Keeping counts with transactions
With transactions, you can group multiple change operations and they are guaranteed to either succeed or fail together. This allows inserting/removing an item from the users table and simultaneously updating a count value to be an atomic operation.
There are 3 operations we need to implement to provide counting functionality: initialization, adding, and removing elements.
Initialization
Since all the other operations increase or decrease a number in the counts table, we need to make sure there is a number there.
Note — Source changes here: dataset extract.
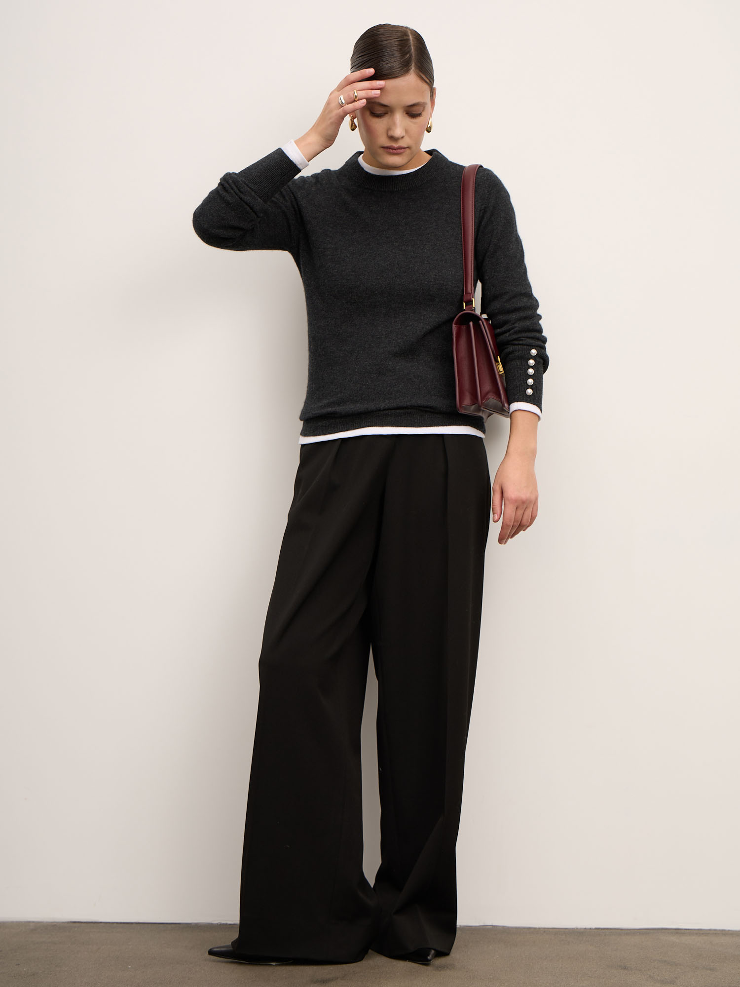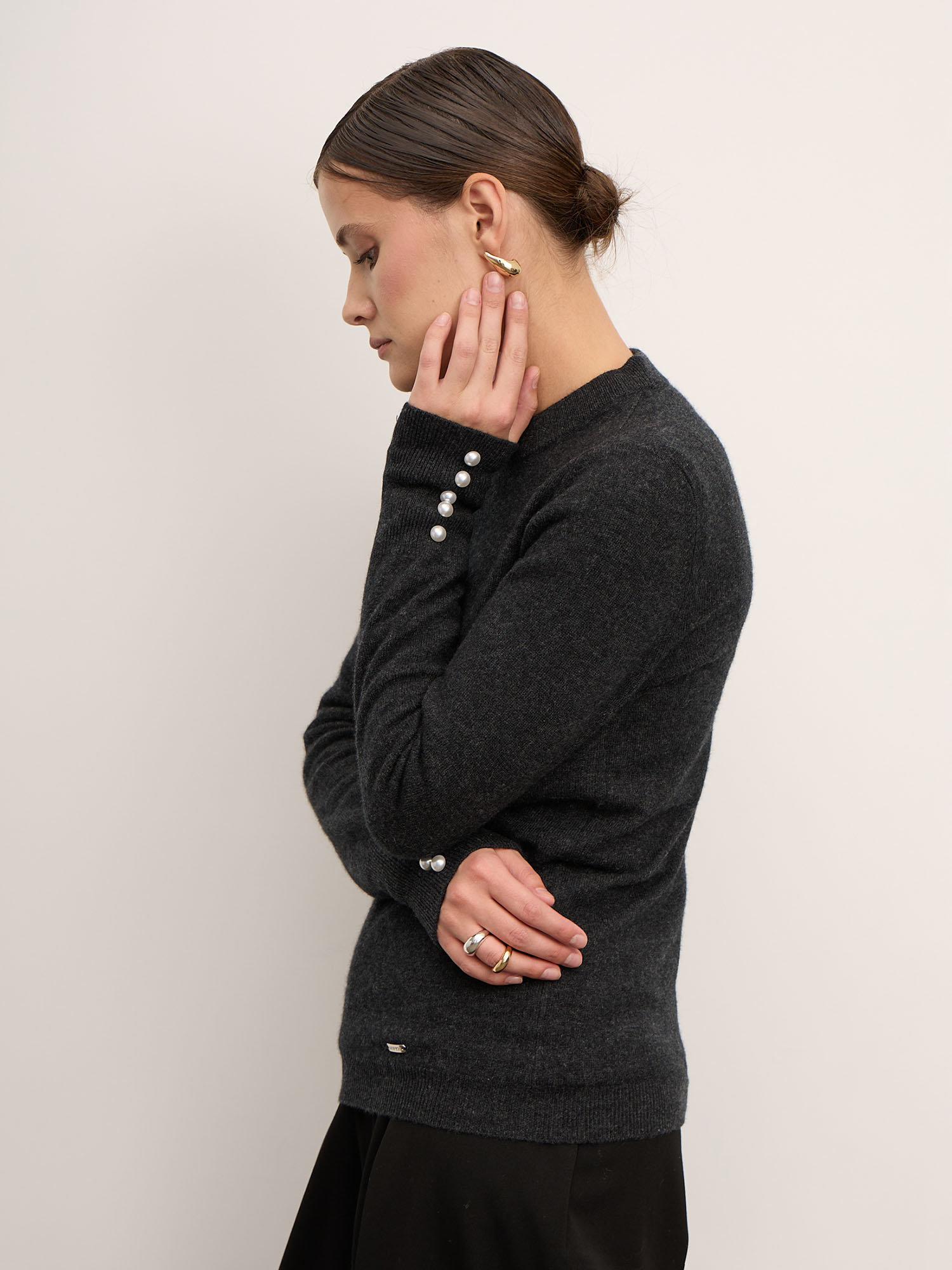 Джемпер выполнен в минималистичном крое с округлым вырезом и длинными рукавами. Акцент — изысканные декоративные пуговицы на манжетах, которые добавляют образу изящность и индивидуальность. Манжеты и нижняя резинка держат форму и подчёркивают аккуратную посадку изделия.

This has to be done once, usually when the app is started.
First, we need to check whether the count is there, and add if not:
const item = await client.send(new GetItemCommand({
TableName: COUNTS_TABLE,
Key: marshall({type: "users"}),
}));
if (!item.Item) {
// initialize count to 0
await client.send(new PutItemCommand({
TableName: COUNTS_TABLE,
Item: marshall({type: "users", count: 0}),
ConditionExpression: "attribute_not_exists(#pk)",
ExpressionAttributeNames: {"#pk": "type"},
}));
}
The ConditionExpression: "attribute_not_exists(#pk)"
makes sure that the database is in the state we expect it to be. As there are no transactions between
the commands (the GetItemCommand
and the PutItemCommand
), another thread or app might have inserted a value. This check makes sure that it's not
overwritten.
Adding an item
To add an item that requires changing the count value, we need a transaction to modify both at the same time.
The ConditionExpression: attribute_not_exists(#pk)
is also important here as we need to make sure that the user item is indeed inserted into the table.
Without that, it might overwrite an existing record and still increase the count.
To modify a number by a given value, DynamoDB supports an UpdateExpression
. This has the advantage of multiple transactions can write it simultaneously
without the need for ConditionExpression
s.
// the user object
const item = ...;
// insert new user
await client.send(new TransactWriteItemsCommand({
TransactItems: [
{
Put: {
TableName: USERS_TABLE,
ConditionExpression: "attribute_not_exists(#pk)",
ExpressionAttributeNames: {"#pk": "ID"},
Item: marshall(item),
}
},
{
Update: {
TableName: COUNTS_TABLE,
UpdateExpression: "ADD #count :count",
ExpressionAttributeNames: {"#count": "count"},
ExpressionAttributeValues: marshall({":count": 1}),
Key: marshall({type: "users"}),
}
}
]
}));
The above code can only insert a new user item but it can not update one. This is because of the ConditionExpression: "attribute_not_exists(#pk)"
. To
implement modifications, use a PutItemCommand
with a condition to make sure the item exists:
// the user object
const item = ...;
// update existing user
await client.send(new PutItemCommand({
TableName: USERS_TABLE,
ConditionExpression: "attribute_exists(#pk)",
ExpressionAttributeNames: {"#pk": "ID"},
Item: marshall(item),
}));
Deleting an item
Deletion works similar to addition, with the exception that it needs a Delete operation.
It needs to do 3 things:
- check that the item exists (
ConditionExpression: "attribute_exists(#pk)"
) - decrement the count
- delete the item
await client.send(new TransactWriteItemsCommand({
TransactItems: [
{
Delete: {
TableName: USERS_TABLE,
ConditionExpression: "attribute_exists(#pk)",
ExpressionAttributeNames: {"#pk": "ID"},
Key: marshall({ID}),
}
},
{
Update: {
TableName: COUNTS_TABLE,
UpdateExpression: "ADD #count :count",
ExpressionAttributeNames: {"#count": "count"},
ExpressionAttributeValues: marshall({":count": -1}),
Key: marshall({type: "users"}),
}
}
]
}));
Conclusion
Keeping accurate counts is not easy in DynamoDB but it can be done using transactions. Make sure to use the correct ConditionExpression
s in every
operation to avoid accumulating errors when multiple processes are changing the same data.